▶ WORK INSTRUCTIONS: An exact reproduction of the records is required, with all images left out.

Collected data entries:

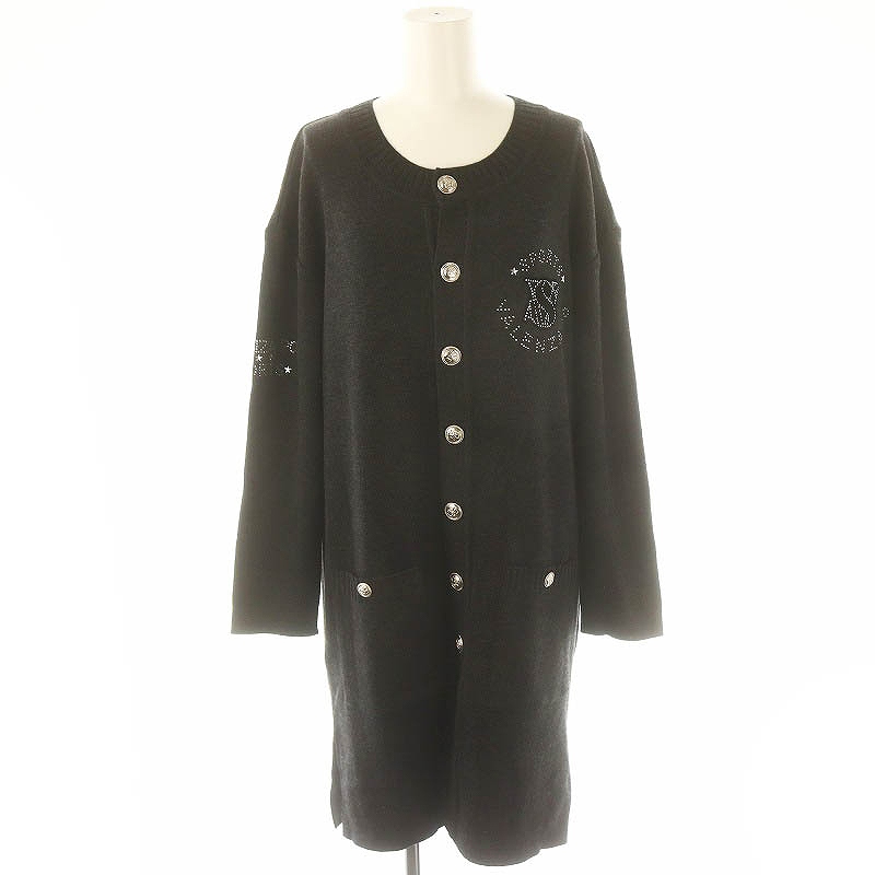 ラインストーンロゴウールロングカーディガン
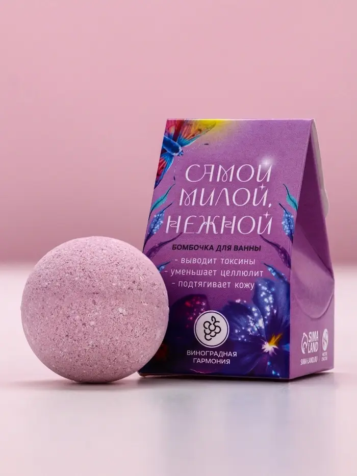 Бомбочка для ванны «Самой милой, нежной», 40 г, аромат винограда, Чистое счастье
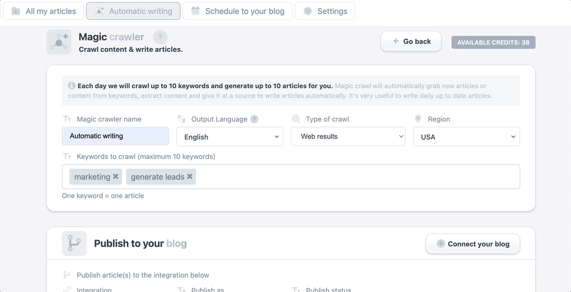 Generate more blog content in less time.- Produce multiple articles in bulk
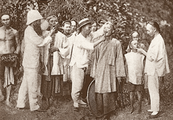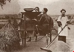 マカイは台湾で布教と医療と学校創立を行なう他、方々を旅して文章と写真で当時の台湾社会の様子を記録し、歴史的に貴重な資料を残した。写真は宜蘭の農民が唐箕(とうみ)という農具を使って穀物を精選している様子。女性も一緒に働いている。
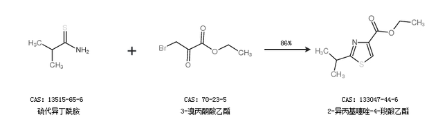 1.通过硫代异丁酰胺和3-溴丙酮酸乙酯合成2-异丙基噻唑-4-羧酸乙酯,收率约86%;
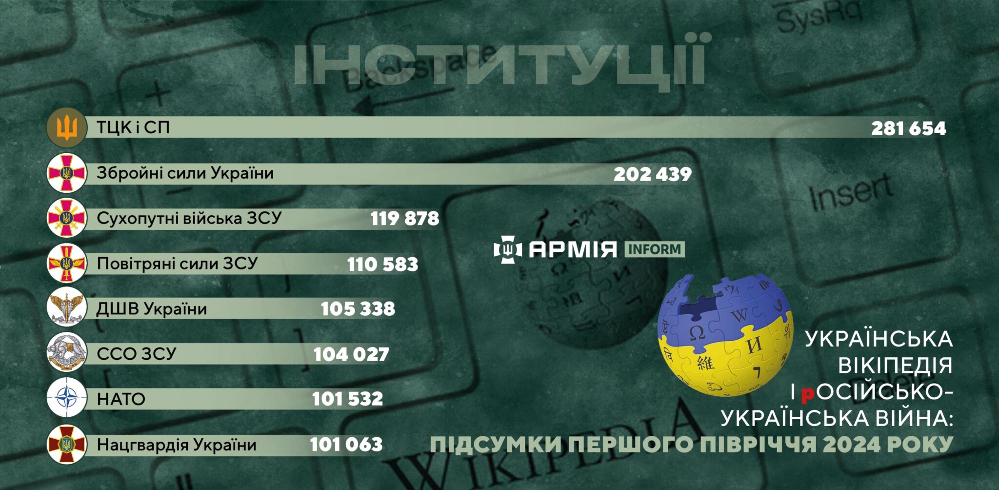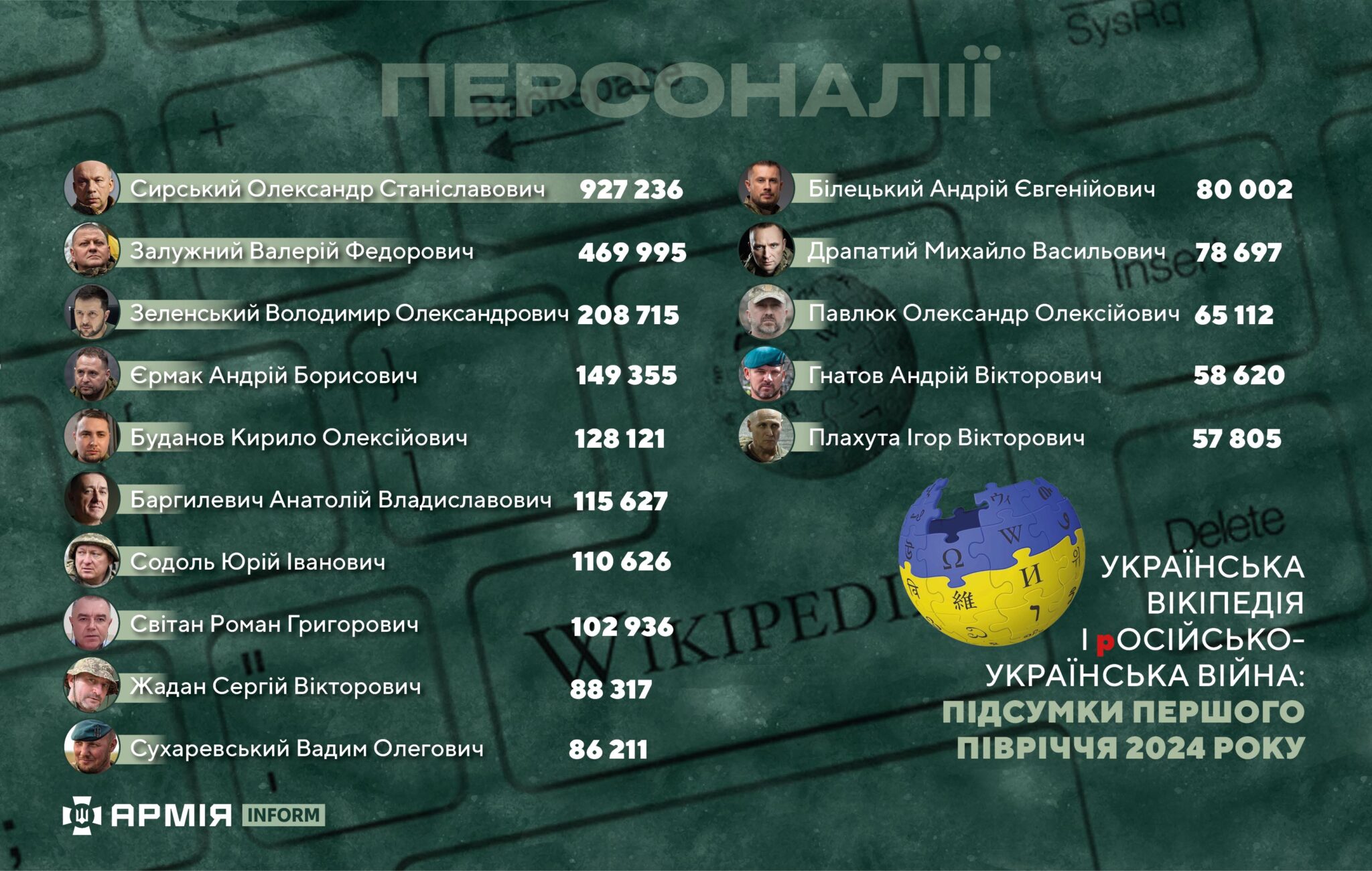 У першому півріччі 2024 року найпопулярнішими статтями української Вікіпедії на військову тематику стали матеріали про Головнокомандувача ЗСУ Олександра Сирського та його попередника Валерія Залужного.

▶ REPLY TO THE EXERCISE:
 ラインストーンロゴウールロングカーディガン
 Бомбочка для ванны «Самой милой, нежной», 40 г, аромат винограда, Чистое счастье
 Generate more blog content in less time.- Produce multiple articles in bulk
 マカイは台湾で布教と医療と学校創立を行なう他、方々を旅して文章と写真で当時の台湾社会の様子を記録し、歴史的に貴重な資料を残した。写真は宜蘭の農民が唐箕(とうみ)という農具を使って穀物を精選している様子。女性も一緒に働いている。
 1.通过硫代异丁酰胺和3-溴丙酮酸乙酯合成2-异丙基噻唑-4-羧酸乙酯,收率约86%;
 У першому півріччі 2024 року найпопулярнішими статтями української Вікіпедії на військову тематику стали матеріали про Головнокомандувача ЗСУ Олександра Сирського та його попередника Валерія Залужного.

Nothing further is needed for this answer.